How Would You Deal With Your Period If You Were Homeless?

It's the first day of your period and you have nowhere to go. No bed, no heating pad, no trusty bottle of Feminax to take by the handful, and definitely no tampons. What do you do? It's the humiliating dilemma plenty of homeless women have to confront every month. It's also the driving force behind The Homeless Period, a London-based petition to make menstruation products more accessible.

According to Crisis, women make up 26% of England's homeless population. That's tens of thousands of women, surviving day-to-day on London's streets, without dependable access to public toilets or menstrual care (which, ironically, is not classed as healthcare).

"This initiative believes that tampons and [sanitary] towels should be made available through homeless shelters, the same way the government provides condoms," founders Oli Frost, Josie Shedden, and Sara Bakhaty write on their homepage, which links to a Change.org petition.  

That's where the video above comes in. It features the voice of Patricia, a woman in her 50s who found herself on the streets of South London after she ran out of couches to surf. When she couldn't access sanitary products, she ripped up pieces of cloth and used those instead. 

"I used to feel very depressed. It used to get me down," she explains in the clip. "Why does a woman have to rip up a cloth, put between her, to protect herself from bleeding?"

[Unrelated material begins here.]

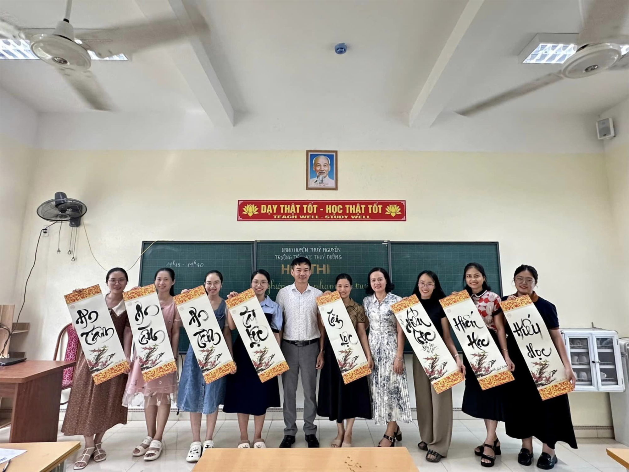 Với mục đích, giúp giáo viên nhà trường có cơ hội thể hiện kỹ năng nghiệp vụ sư phạm, trao đổi kinh nghiệm và học hỏi lẫn nhau trong công tác rèn luyện chữ viết và nghệ thuật viết chữ thư pháp bằng chữ quốc ngữ. Trường TH Thuỷ Đường đã tổ chức Hội thi nghiệp vụ sư phạm cấp trường vào ngày 20/08/2024 với 9 GV có điểm cao nhất từ cuộc thi cấp Tổ.

"Patricia's story hit home for me," Bakhaty tells us. "The misconception that someone on the street doesn't mind not being clean. Well, cleanliness is so important. She felt very vulnerable, and then she realized she couldn't carry on like this."

To protect herself — from fluids and from men — Patricia had to be resourceful. If she couldn't get clean, her homelessness became more evident, making her more susceptible to sexual assault.

As of now, The Homeless Period's petition has over 40,000 signatures. 50,000 is their goal; but to get parliament's attention, they'll likely need 100,000. 

"It's about finding a long term solution," Frost says. "I think we've had 10,000 signatures in the last 24 hours, so it's starting to look like a real possibility."

Before you reach for your next tampon, stop and sign for women everywhere.